(Extracted data entries)
• • • •

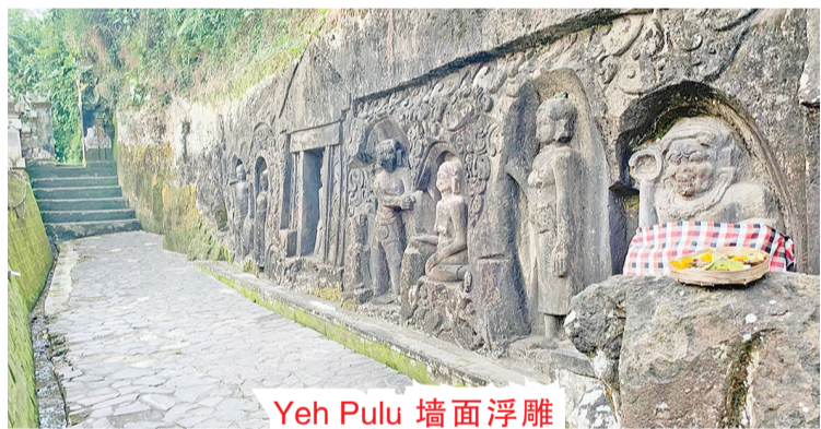
Yeh Pulu 墙面浮雕

7.墙面浮雕透视古代生活场景—Yeh Pulu 墙面浮雕 (Yeh Pulu 建议停留时
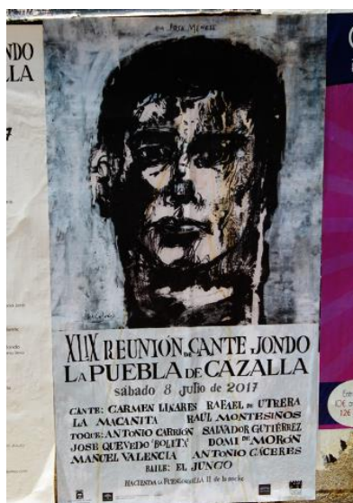
Fotografía nº 16. Cartel oficial Reunión del Cante Jondo.

Dichos espectáculos son organizados por Ayuntamientos y agrupaciones de localidades sevillanas, y editan su propio cartel en los que transmiten y venden este producto que cuidan por el interés turístico. Como es obvio, se tratan de carteles informativos en donde priman la exposición y venta del producto más que la búsqueda plástica. Así como sus autores no suelen ser conocidos. Es lo que le diferencia del cartel de la Bienal. Sin embargo indirectamente, como toda creación, contiene un atractivo que los hacen únicos. Relevantes son los del Festival Flamenco de la Sierra Sur, "Carocolá" Iebrijana; Gazpacho andaluz de Morón de la Frontera (Sevilla); o el Potaje Gitano de Utrera (Sevilla).
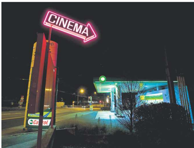
Le City Club de Pully vient de renaître grâce à une association. Mais son avenir est loin d'être assuré. CHRISTIAN BRUN

Les communes investissent pour aider les exploitants à passer le cap du numérique
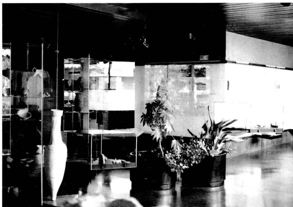
Interior del museu.

La creació del museu, com dèiem, va ser obra del bisbe Ramon Riu i Cabanes, i les primeres obres foren depositades en un noble edifici que aleshores servia de seminari, però que abans havia estat
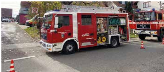
Einsatz 24. Oktober 2022 in Weiler

61 Datum / Uhrzeit 24.10.2022 / 14:34 Uhr Einsatzauftrag: Unterstützung Rettungsdienst Einsatzort: Weiler, Obere Dorfstraße Alarmierte Einheiten: Tagalarm Weiler Fahrzeuge: HLF 10, LF 16/12 Zahl der Einsatzkräfte: 13 Einsatzdauer: 1,0 Stunden
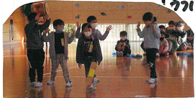
「うたの木 おき お見」
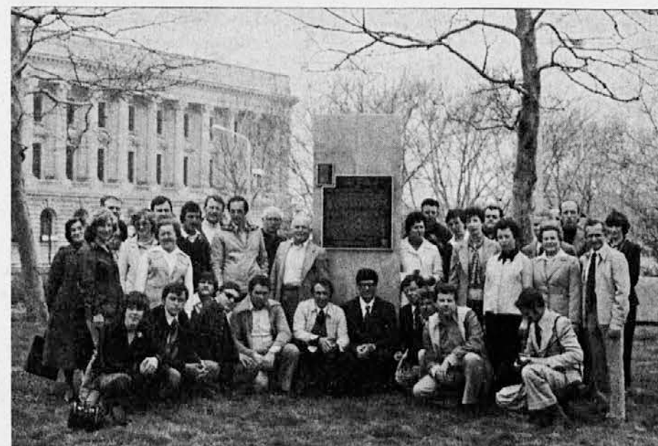
Od gostovanj je gotovo ostala v najlepšem spominu kulturna turneja po ZDA. Na sliki iz leta 1979 skupina Goričanov in gostiteljev v Clevelandu
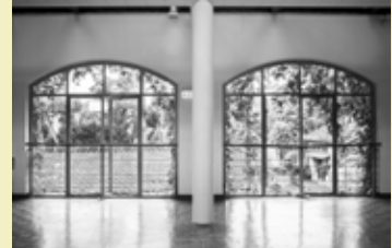
「緑の部屋」《幽霊たちの庭》
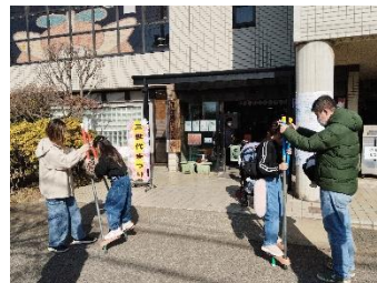
正面玄関では竹馬遊び
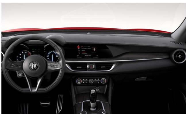
Вставка на передній панелі натуральне дерево, Grey Wood
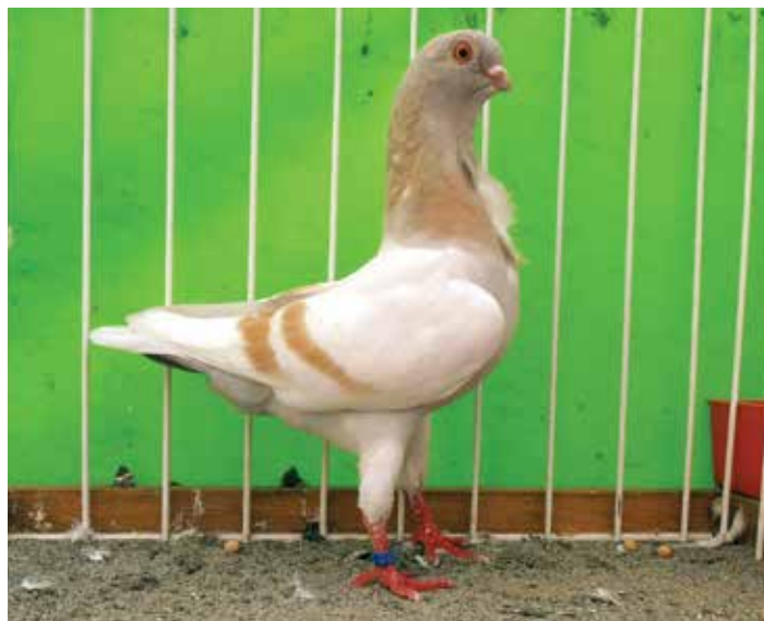
Cravattato Italiano Reggiano giallo vergato F cl B pt 95.5 di Novo Giampaolo
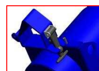
Opaska zaciskowa rury pyłowej
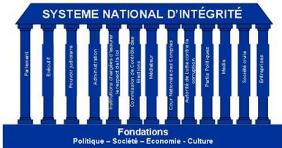
Schéma 1: Piliers du Système National d'Intégrité
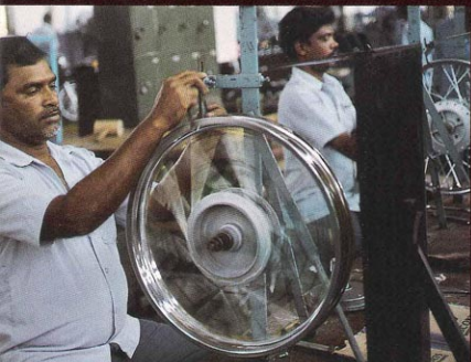
ENFIN DEVOILEES. Chaque année, 40 000 roues, assemblées hors de l'usine, sont livrées à Madras dans des charrettes attelées à des bœufs. Elles sont ensuite rayonnées dans la plus grande tradition artisanale.

• • • •

Could you find every line in the records above that has the string "Pulu" and copy it?

Yeh Pulu 墙面浮雕
7.墙面浮雕透视古代生活场景—Yeh Pulu 墙面浮雕 (Yeh Pulu 建议停留时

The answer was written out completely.